Наташа поет. Часовой где-то притаился, он не знает содержания, но, видимо, покорен звуками песни. Когда песня кончилась, раздался окрик: «Хватит! Нельзя!»
Песня умолкла. Но уже все как будто по-другому. На душе стало светлее, и не так гнетут дневные волнения.
Вера умела в час отчаянной неравной борьбы вдохнуть свежую, бодрящую струю.
Важнейшей нашей заботой было поддержание связи с волей, с партией. И как ни трудно это было, мы находились в тесном непрерывном контакте с партийными товарищами. Нам сообщали о работе партии, о важнейших политических событиях, передавали советы, указания. Мы, в свою очередь, извещали о прибывших товарищах, о своей жизни и борьбе. Не раз наши письма подпольно печатались и распространялись партийными организациями. Они вызывали в народных массах отклики сочувствия. Наши выступления в тюрьме сливались с общенародной освободительной борьбой против фашизма.

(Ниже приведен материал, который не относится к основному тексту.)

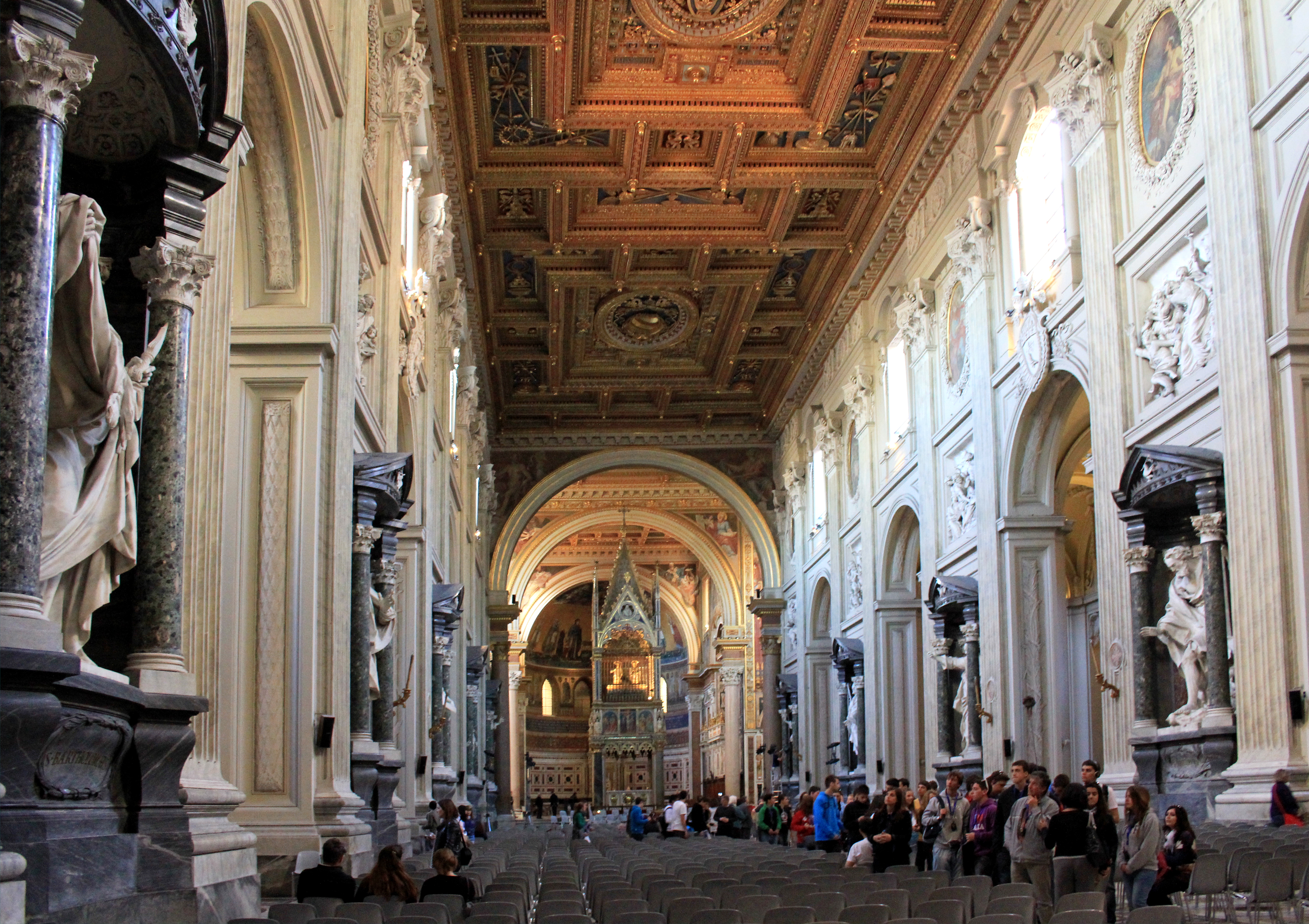 Interior and Ciborium of Basilica of St. John Lateran, Rome, Italy

С нами в заключении находилась беспартийная работница Адель Кишневская. Однажды она ждала на свидание мужа — рабочего варшавского хлебозавода. Мы решили передать через него письмо к рабочим. В нем описали наше положение и борьбу, которую мы вели. Вера была близка с Аделью и подсказала, как ее муж мог бы лучше распространить наше письмо среди рабочих. Во время свидания Адели удалось передать мужу письмо. Через некоторое время мы получили ответ. Рабочие поздравляли нас с Международным женским днем 8 марта и прислали корзину кренделей в форме восьмерки. Они писали: «…знайте, что рабочие о вас помнят и всегда готовы вам помочь». Письмо и подарок рабочих до глубины души взволновали нас. «Этого никогда не забыть! — говорила Вера. — Я как на крыльях!»